If you see one: name it. "You have a hypothesis | experiment | thread state machine with PROPOSED → DESIGNED → COMPLETED transitions, mostly under repos/electricrag/."
Spot a tag family¶
Walk tag_tree (page-level) or list_item_tag_tree (inline). A family looks like a node with multiple children, where the children are themselves substructured. E.g. #mide with children workflow, system, context, meta.
Spot a concept-stream pattern (Tier-2)¶
list_item_top_tags and list_item_tag_tree capture inline-tagged list-items — the user's running thinking log. Patterns to spot:
- A tag prefix appearing 50+ times across list-items = an active concept the user references repeatedly.
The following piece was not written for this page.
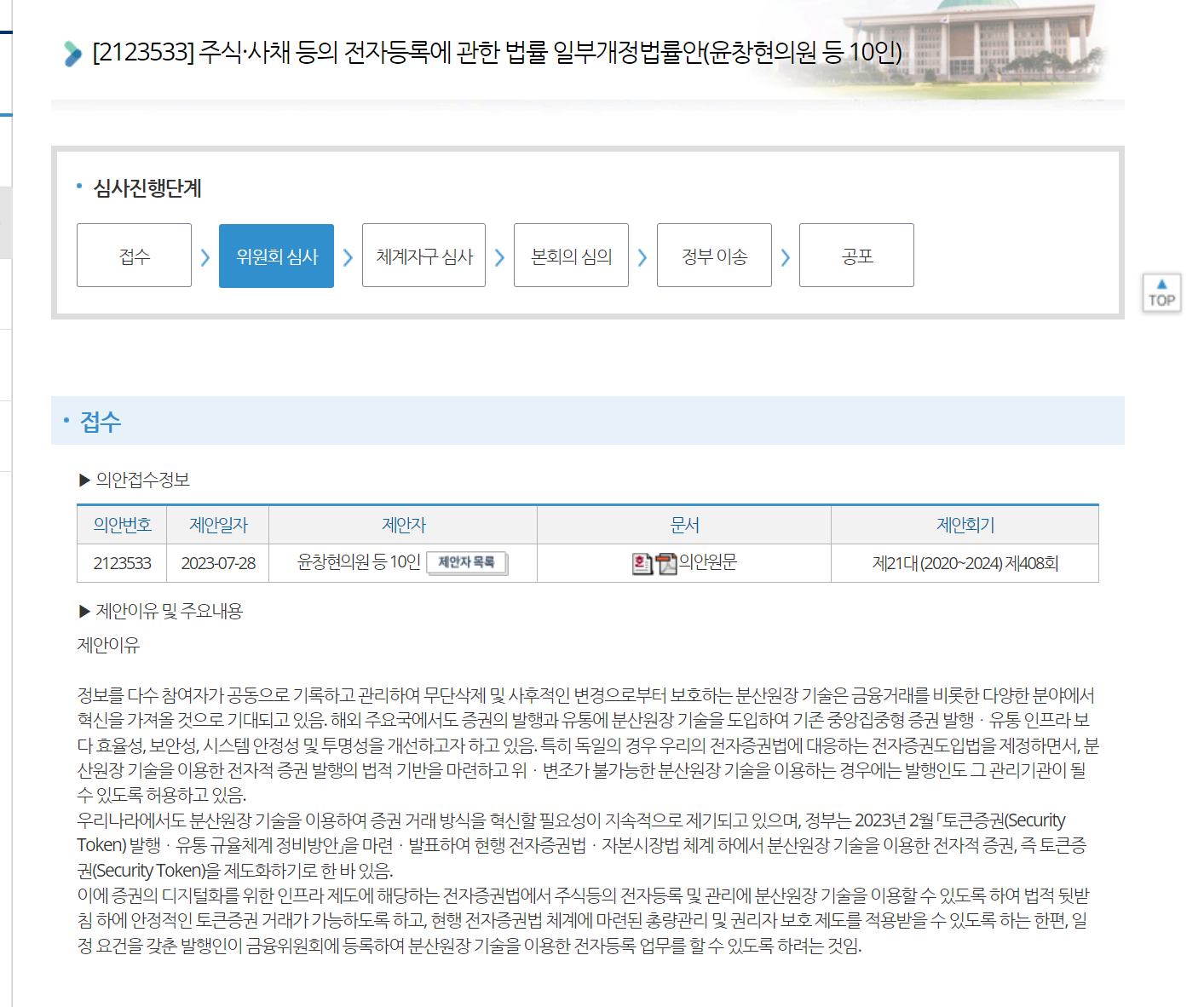 - 물론 의안정보시스템에 공개된 정보에 따르면, 12월 5일 진행된 3차 법안심사에서 관련 법안 논의가 진행되지 못한 것으로 보인다. 이에 연내 토큰 증권 시장의 제도화 가능성이 높아졌다고 말하기 어려운 측면이 있다. 그러나 만약 12월 중 추가 법안심사 소위원회 일정이 잡혀 관련 법안에 대한 심사가 진행된다면, 입법화가 예상보다 빠르게 진행될 여지도 남아있다.

- A previously-active tag with low recent count = drift candidate.
- Co-occurrence within the same line = related concepts.
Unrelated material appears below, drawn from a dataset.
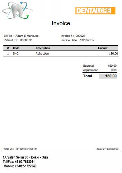 Invoice Details page is the view that displays the detailed info about the created invoice including the procedures, how many times did this invoice printed, audit info about it and many more info.

These are NOT in task_metadata.db (only #todo* tasks are) — list-item tags are concept references, not actions.
Spot a path convention¶
Look at path_by_type. If a single path holds multiple pages of one type (e.g. repos/electricrag/kb/research/threads holds 8 pages of type=thread), that's a directory naming convention.
Spot a hot region¶
recent_activity_by_path ranks regions by recent mtime activity. Top 1–2 entries are where the user is working now.
What to do with findings¶
This directions unit is for the reader of recon output, not for the user-facing slash command response.
- If invoked from
/wb-vault-recon: present the most striking 3–5 findings in plain English, no auto-action. - If invoked from the investigation agent (after a delta has triggered escalation): cross-reference with
vault/investigation-directionsfor the proposal protocol.
Do NOT cement anything from a single recon run. Cementing is the user's call (or a follow-up workflow's). This unit only teaches an agent how to see.